> [PROBLEM] The answer is to be the lines below that lie between the line holding "Spacious & Comfortable: With" and the line holding "Náš velmi kvalitní", inclusive, transcribed exactly and free of pictures.

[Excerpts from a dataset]

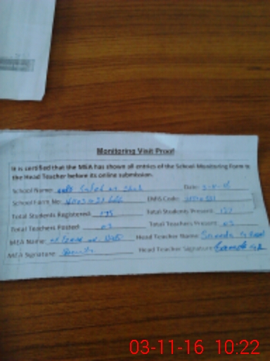 | Attendance Register | Head Teacher | MEA with School | Visit Proof |
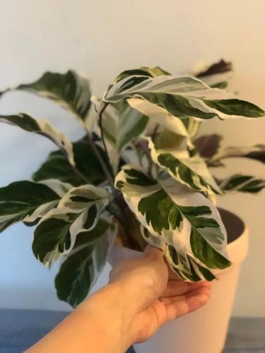 其中油畫竹芋的葉子是帶斑錦的,葉面看起來清新靚麗,像油畫一般,葉子特別薄,很容易焦邊,養護難度最高,特別是在北方地區,一些室內比較乾燥的地方,常年溼度低於40%以下。
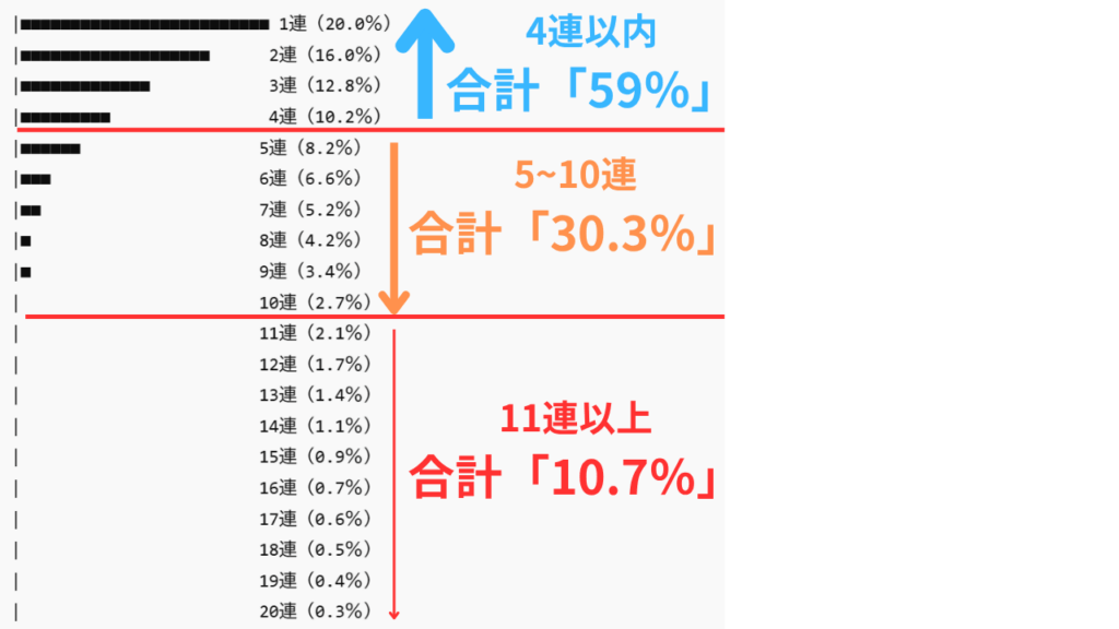 ここからは、みなさんがもっとも欲しいであろう「爆連の確率」を見てみます
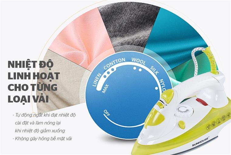 Tùy chỉnh lượng nước/hơi nước thoát ra linh hoạt bằng thanh gạt phía trên. Gạt về vạch 0 nếu bạn đang sử dụng chức năng là khô hoặc không muốn nước/hơi nước thoát ra liên tục. Với vạch MAX và chế độ phun hơi, lượng nước thoát ra trên bề mặt là nhiều và liên tục, nên chọn mức nhiệt độ cao nhất khi sử dụng để bề mặt là đủ nóng biến nước thành hơi nước, tránh hiện tượng rò rỉ. Cảm biến nhiệt đóng ngắt an toàn An tâm hoàn toàn khi sử dụng bàn là hơi SUNHOUSE vì được trang bị cảm biến nhiệt an toàn, tự động đóng ngắt khi quá tải nhiệt. Bàn là sẽ tự ngắt khi đạt đến nhiệt độ lý tưởng (phù hợp với các loại vải khác nhau).
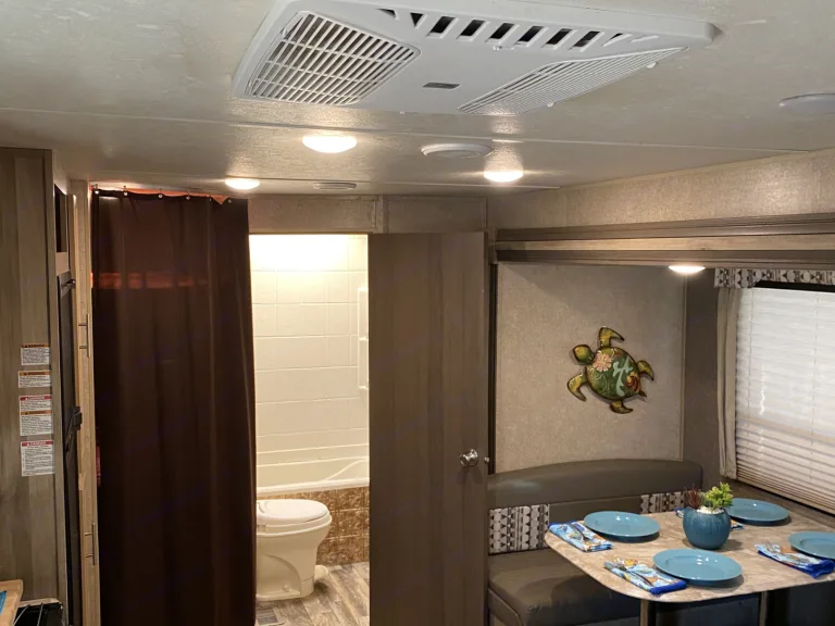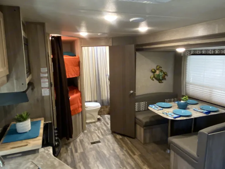 Spacious & Comfortable: With room to sleep up to 6 people, our 30' Coachman Catalina ensures that everyone can have a cozy and restful night's sleep. The bunk beds are perfect for kids or friends traveling together, making it an ideal choice for families or groups.
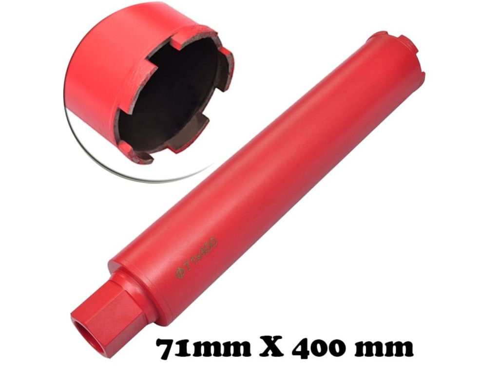 Náš velmi kvalitní a robustní 71 x 400 mm jádrový vrták do elektrických jádrových vrtaček je vhodný na vrtání žuly, tvrdého kamene, betonu, zpevněných betonových povrchů a jiných pevných materiálů. Jeho odolná konstrukce zajistí bezproblémový chod vrtáků. Nabízíme také vrtáky jiných velikostí, které vyhovují různým potřebám vrtání.
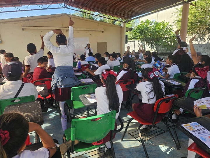 En la primaria Tomasa Valdez viuda de Alemán (turno vespertino), se fomentó un estilo de alimentación equilibrada. Esta información sobre los nutrientes necesarios para un mejor rendimiento académico y estado de ánimo también se compartió en la primaria Emiliano Zapata.
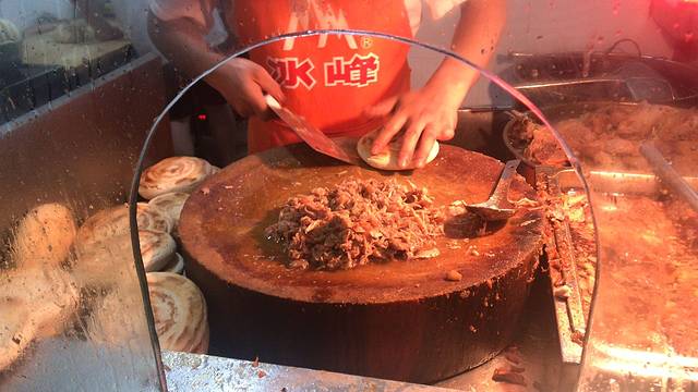 子午路张记肉夹馍,必须要特写。当地人推荐,什么时候路过都是满满的人。夹馍可以选择精肉、优质、普通,精肉瘦一下,普通和优质都肥瘦相间,优质的肉多一些。试了一下优质,怎么说呢,两个字:强推!馍和我们平时吃的不太一样,没有那么硬,肉夹得厚厚的,吃到三分之一的时候,油已经浸透了包裹的那张纸,到后来,塑料袋里都可见一汪油。很是罪过。
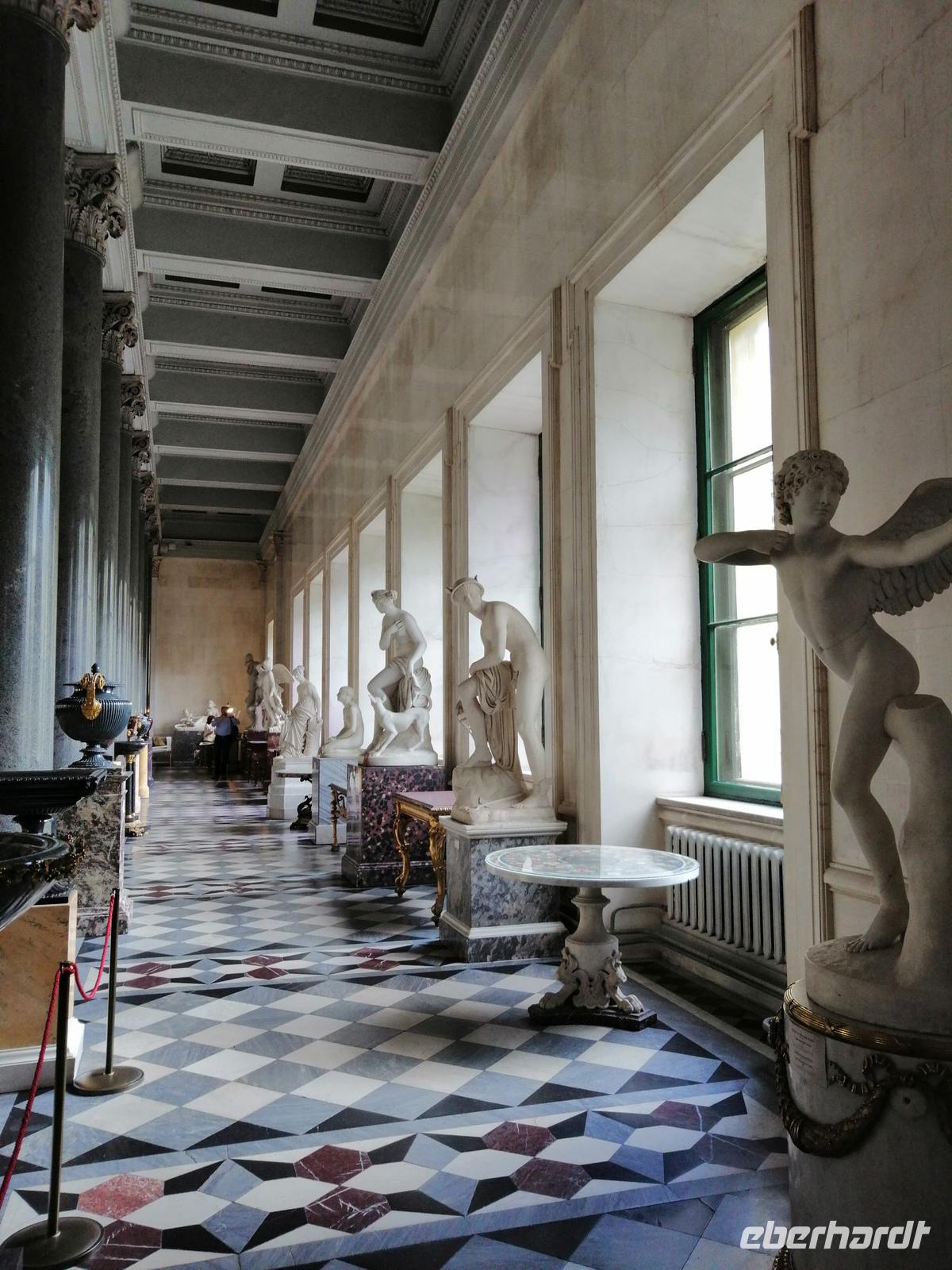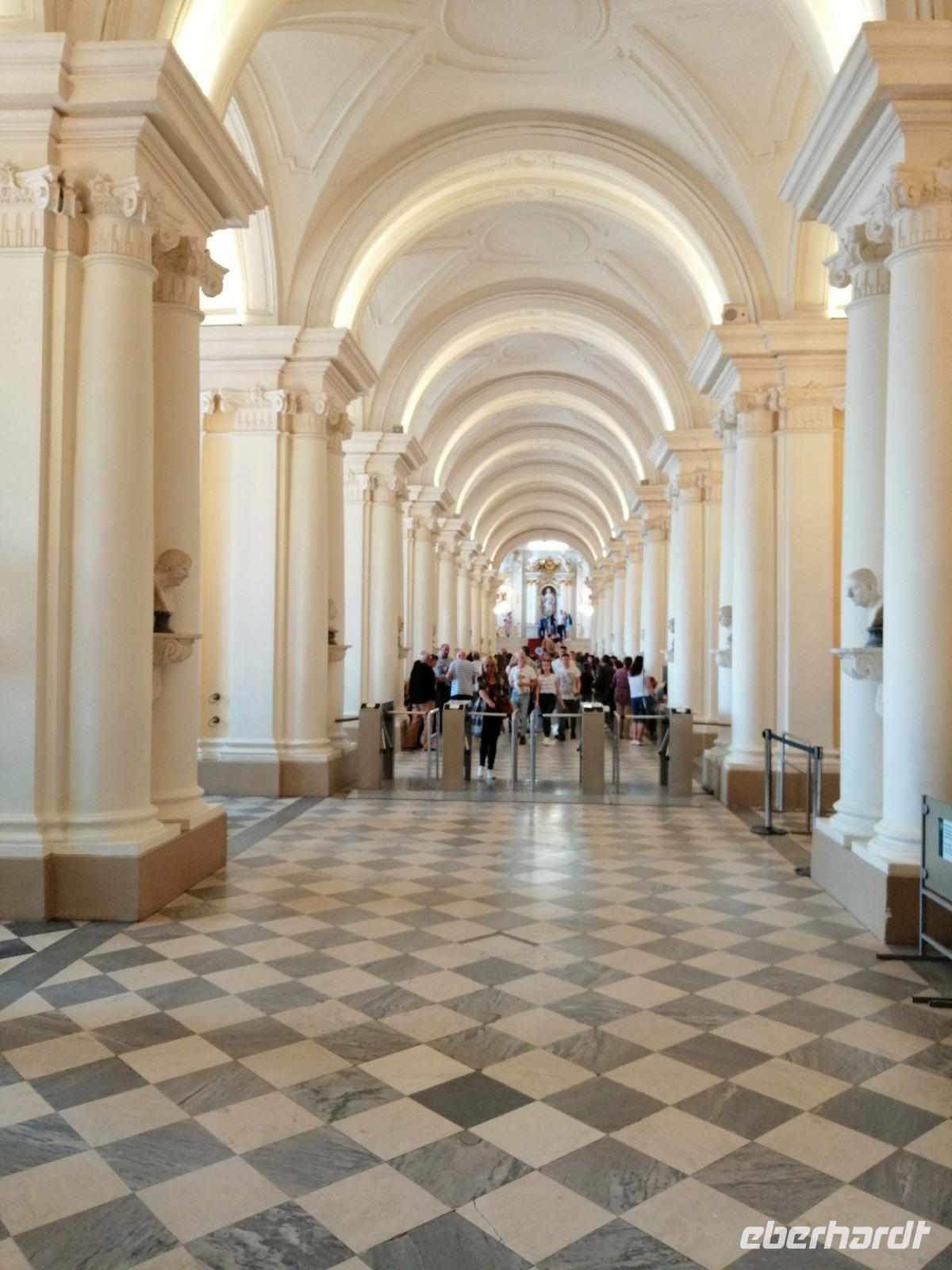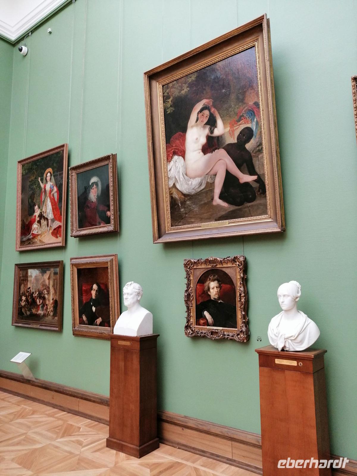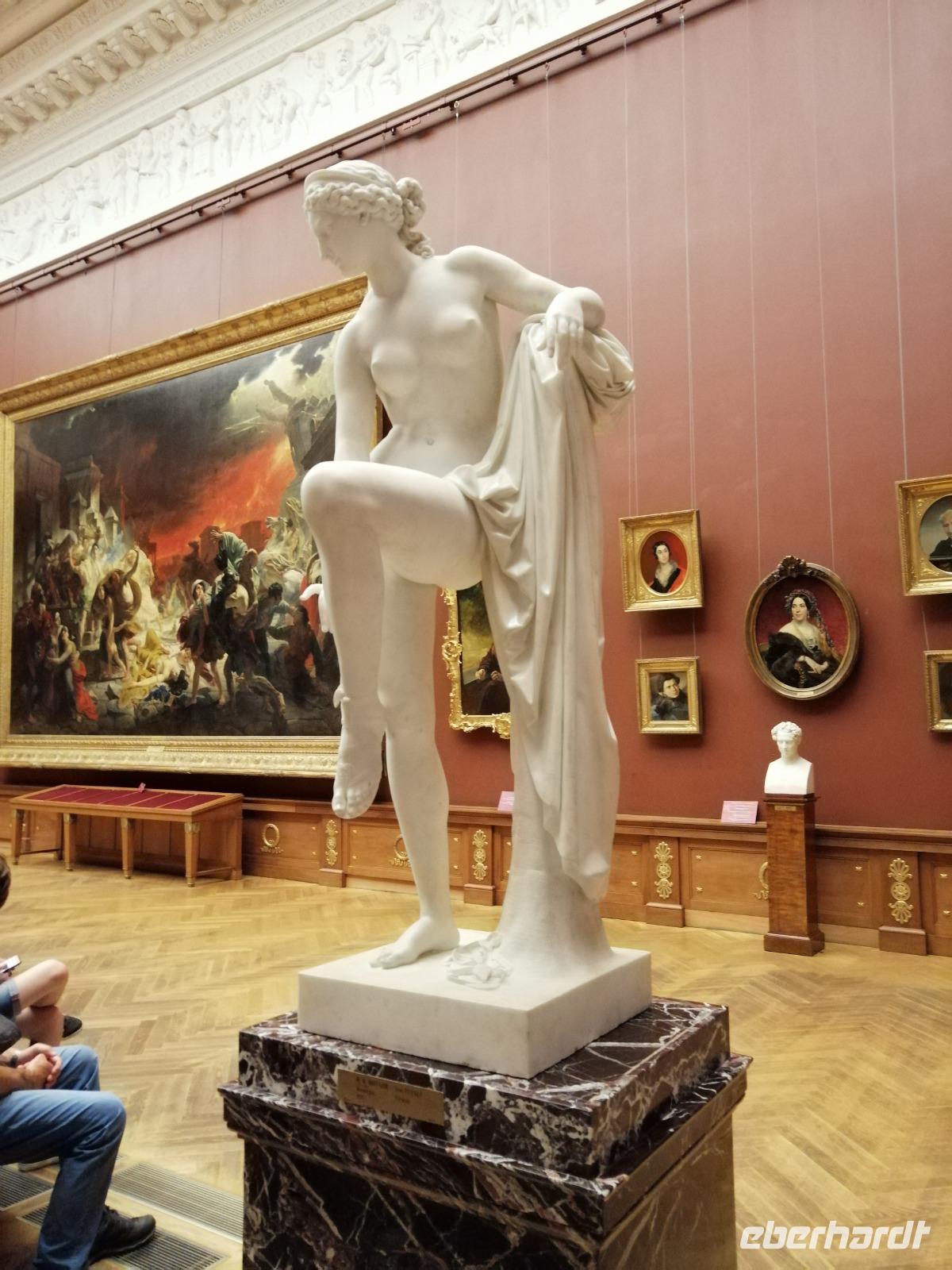 Danach gingen wir in die Eremitage, die vom Architekten Domenico Trezzini entworfen wurde. Die Eremitage ist ein echtes Wahrzeichen von Sankt Petersburg und ist durch die Touristen aus der ganzen Welt sehr beliebt. Eine große lange Warteschlange stand vor dem Eingang. Das Warten dauerte aber nicht lange und der Besuch lohnt sich auf jeden Fall. Besonders interessant wurde unsere Führung durch die Erzählungen von Eugen zu den ausgestellten Gemälden. Natürlich hat uns die Zeit nicht gereicht, alle wunderschöne Bilder anzuschauen aber nach ca. zwei Stunden Besichtigung bekamen wir einen guten Eindruck über die Schätze von Katharina die Große, die den Grundstock für diese Sammlung legte.

> [ANSWER TO THE EXERCISE]
 Spacious & Comfortable: With room to sleep up to 6 people, our 30' Coachman Catalina ensures that everyone can have a cozy and restful night's sleep. The bunk beds are perfect for kids or friends traveling together, making it an ideal choice for families or groups.
 Náš velmi kvalitní a robustní 71 x 400 mm jádrový vrták do elektrických jádrových vrtaček je vhodný na vrtání žuly, tvrdého kamene, betonu, zpevněných betonových povrchů a jiných pevných materiálů. Jeho odolná konstrukce zajistí bezproblémový chod vrtáků. Nabízíme také vrtáky jiných velikostí, které vyhovují různým potřebám vrtání.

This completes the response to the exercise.